Leave the pictures in the listing below aside and reproduce exactly the lines starting with the one with "Select the tray" and going on through the one with "These beautifully plated", both ends included.

[Start of section]

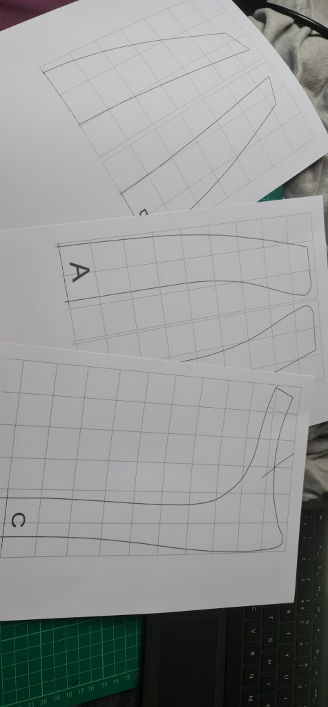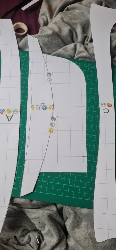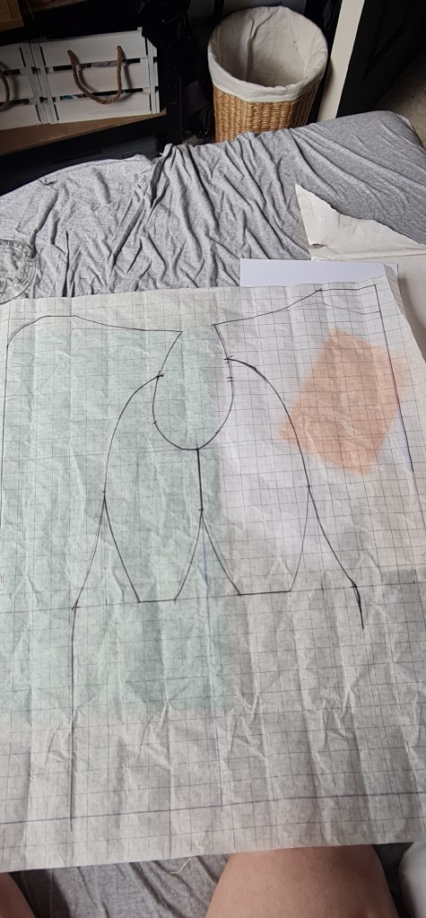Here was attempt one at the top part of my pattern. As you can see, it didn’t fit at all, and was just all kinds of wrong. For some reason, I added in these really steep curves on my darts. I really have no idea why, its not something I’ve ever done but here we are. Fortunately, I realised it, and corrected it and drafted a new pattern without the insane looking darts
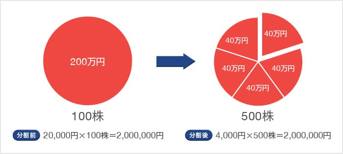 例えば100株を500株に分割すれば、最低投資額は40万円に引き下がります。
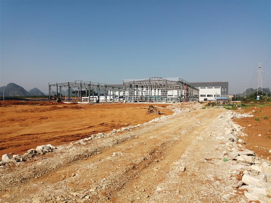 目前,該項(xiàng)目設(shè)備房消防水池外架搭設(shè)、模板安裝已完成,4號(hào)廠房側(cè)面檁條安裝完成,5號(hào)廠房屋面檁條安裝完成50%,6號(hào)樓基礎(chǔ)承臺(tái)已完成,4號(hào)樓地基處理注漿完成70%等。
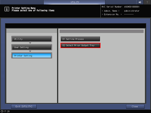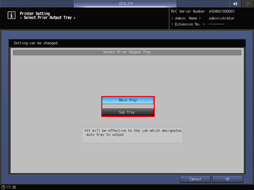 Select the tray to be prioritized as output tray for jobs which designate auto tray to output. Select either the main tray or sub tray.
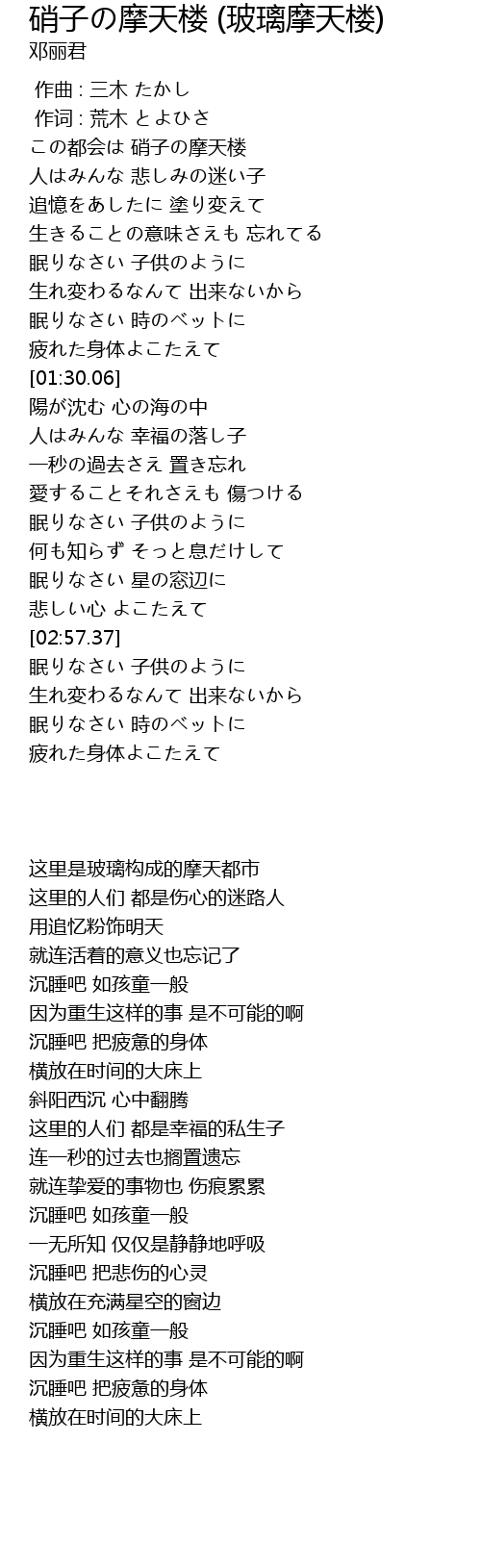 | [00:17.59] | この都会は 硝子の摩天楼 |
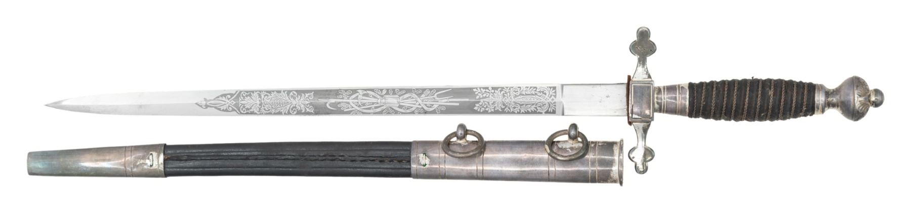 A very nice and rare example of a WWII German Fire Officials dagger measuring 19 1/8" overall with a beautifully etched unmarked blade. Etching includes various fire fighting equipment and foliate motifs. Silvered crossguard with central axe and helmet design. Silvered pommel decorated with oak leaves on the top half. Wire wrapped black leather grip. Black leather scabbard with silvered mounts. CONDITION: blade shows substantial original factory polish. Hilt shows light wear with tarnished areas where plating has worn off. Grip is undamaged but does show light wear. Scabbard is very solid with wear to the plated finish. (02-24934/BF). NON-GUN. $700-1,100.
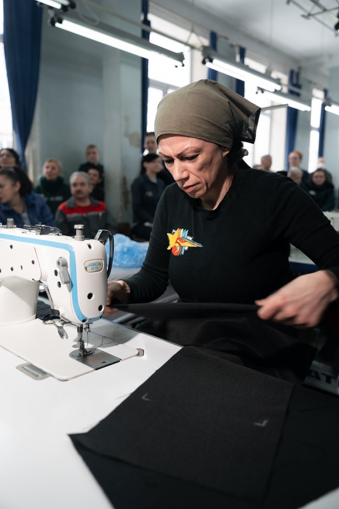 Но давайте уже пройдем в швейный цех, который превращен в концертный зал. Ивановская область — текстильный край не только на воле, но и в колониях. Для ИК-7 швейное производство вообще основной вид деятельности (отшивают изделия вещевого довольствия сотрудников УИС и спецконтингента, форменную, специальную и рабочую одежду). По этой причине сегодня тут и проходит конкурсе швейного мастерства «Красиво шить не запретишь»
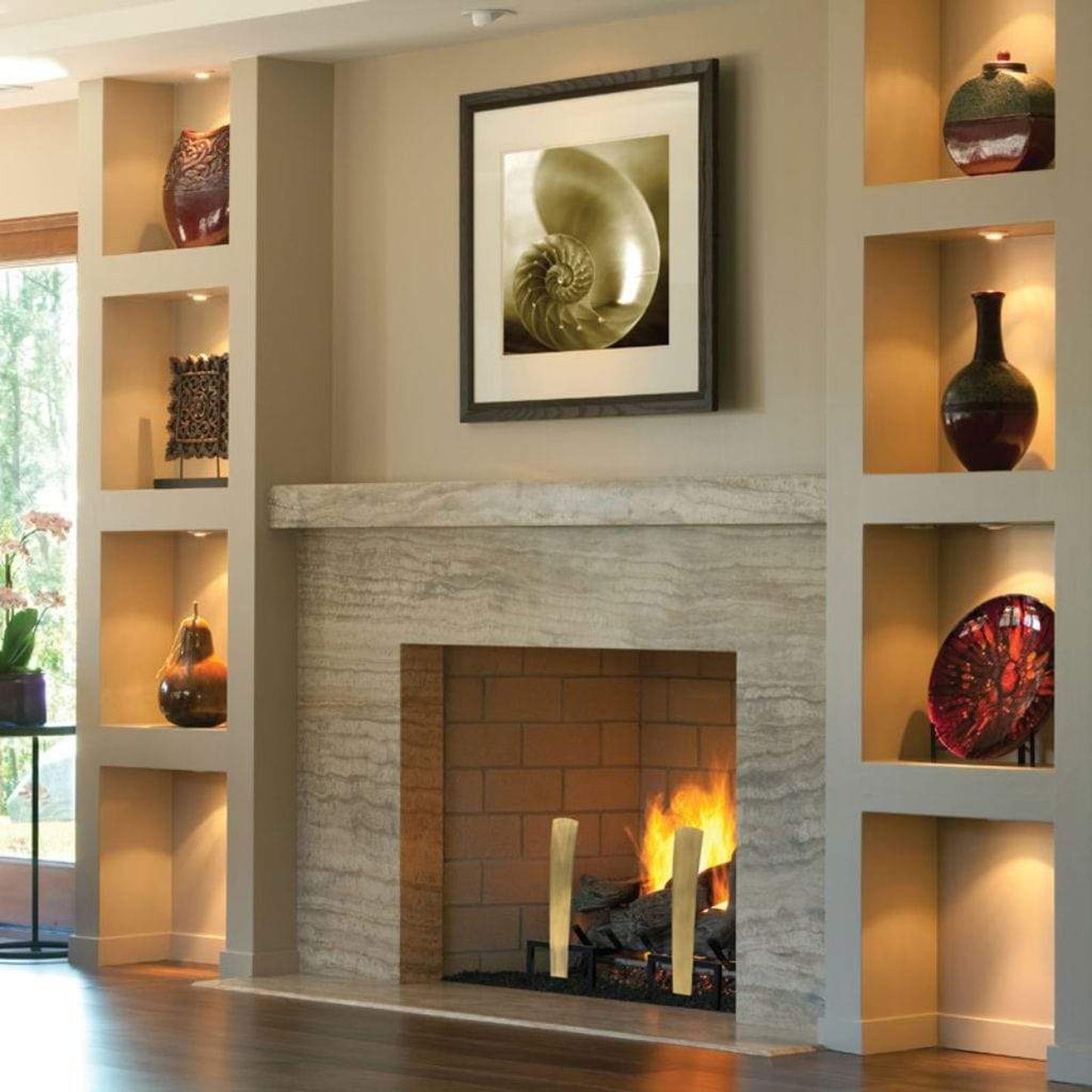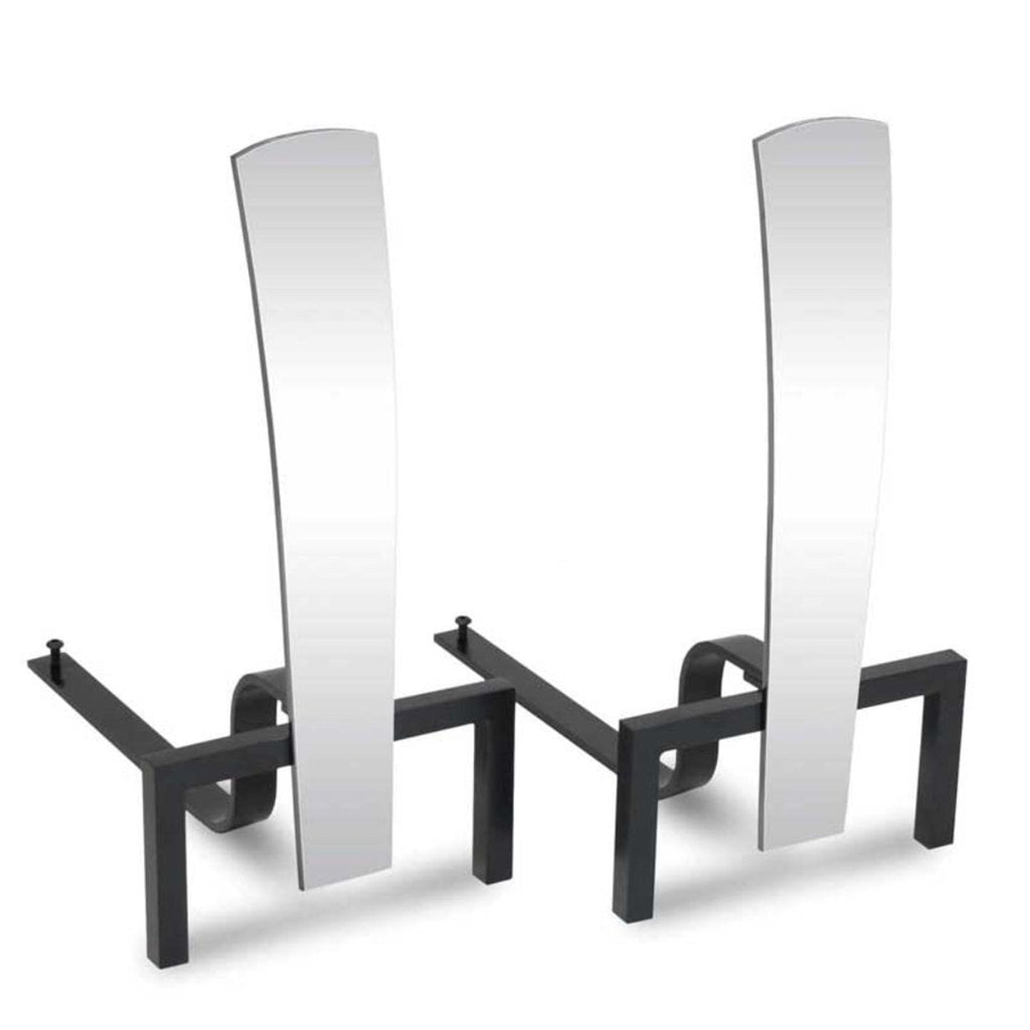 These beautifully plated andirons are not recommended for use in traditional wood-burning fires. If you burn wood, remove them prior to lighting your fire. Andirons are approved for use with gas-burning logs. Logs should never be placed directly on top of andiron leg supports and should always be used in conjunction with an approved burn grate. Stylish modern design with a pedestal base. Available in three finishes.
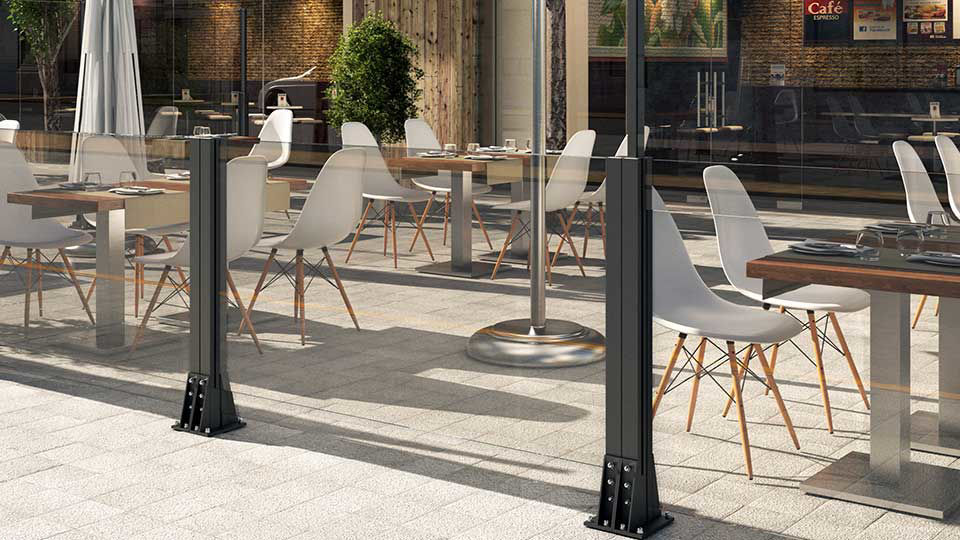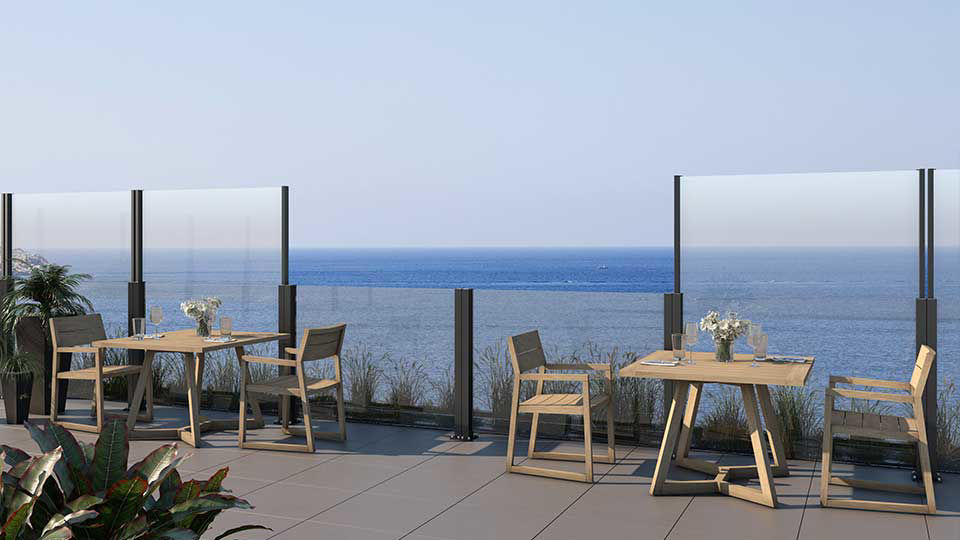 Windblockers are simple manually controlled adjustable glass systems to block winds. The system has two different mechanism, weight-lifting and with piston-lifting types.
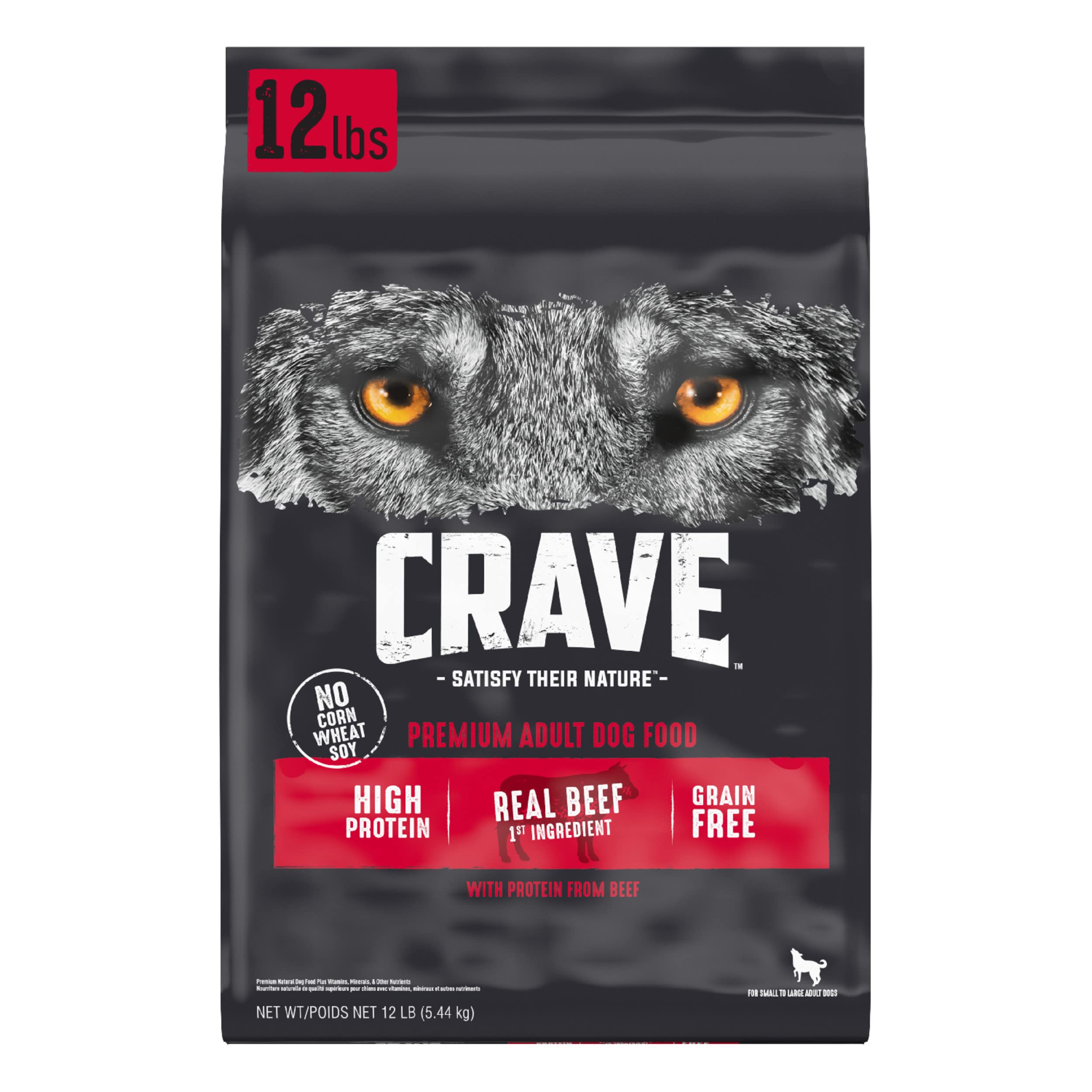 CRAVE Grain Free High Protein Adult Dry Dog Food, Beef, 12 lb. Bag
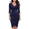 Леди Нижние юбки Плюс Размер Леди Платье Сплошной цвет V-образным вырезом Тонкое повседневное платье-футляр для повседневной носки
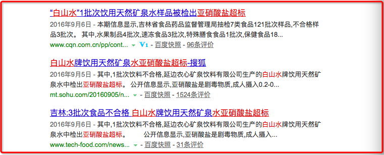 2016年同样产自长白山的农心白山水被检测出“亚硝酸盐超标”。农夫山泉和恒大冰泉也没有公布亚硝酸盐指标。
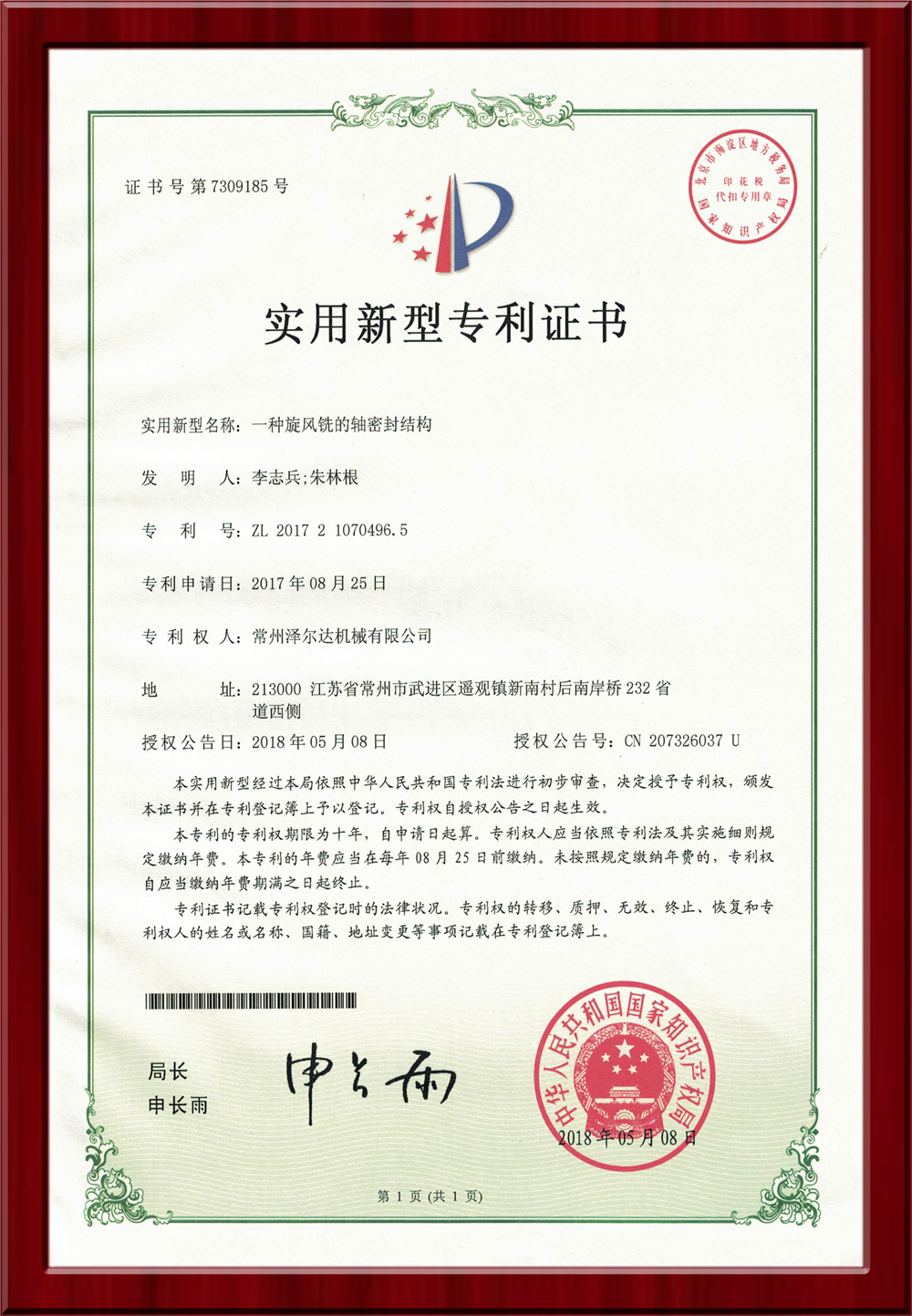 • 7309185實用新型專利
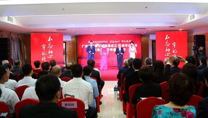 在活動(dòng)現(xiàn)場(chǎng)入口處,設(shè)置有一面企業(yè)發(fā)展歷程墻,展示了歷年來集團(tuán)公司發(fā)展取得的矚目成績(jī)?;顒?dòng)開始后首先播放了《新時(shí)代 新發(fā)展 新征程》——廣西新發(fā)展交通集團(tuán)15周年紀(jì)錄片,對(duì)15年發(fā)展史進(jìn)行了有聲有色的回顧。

[End of section]

Exercise solution:
 Select the tray to be prioritized as output tray for jobs which designate auto tray to output. Select either the main tray or sub tray.
 | [00:17.59] | この都会は 硝子の摩天楼 |
 A very nice and rare example of a WWII German Fire Officials dagger measuring 19 1/8" overall with a beautifully etched unmarked blade. Etching includes various fire fighting equipment and foliate motifs. Silvered crossguard with central axe and helmet design. Silvered pommel decorated with oak leaves on the top half. Wire wrapped black leather grip. Black leather scabbard with silvered mounts. CONDITION: blade shows substantial original factory polish. Hilt shows light wear with tarnished areas where plating has worn off. Grip is undamaged but does show light wear. Scabbard is very solid with wear to the plated finish. (02-24934/BF). NON-GUN. $700-1,100.
 Но давайте уже пройдем в швейный цех, который превращен в концертный зал. Ивановская область — текстильный край не только на воле, но и в колониях. Для ИК-7 швейное производство вообще основной вид деятельности (отшивают изделия вещевого довольствия сотрудников УИС и спецконтингента, форменную, специальную и рабочую одежду). По этой причине сегодня тут и проходит конкурсе швейного мастерства «Красиво шить не запретишь»
 These beautifully plated andirons are not recommended for use in traditional wood-burning fires. If you burn wood, remove them prior to lighting your fire. Andirons are approved for use with gas-burning logs. Logs should never be placed directly on top of andiron leg supports and should always be used in conjunction with an approved burn grate. Stylish modern design with a pedestal base. Available in three finishes.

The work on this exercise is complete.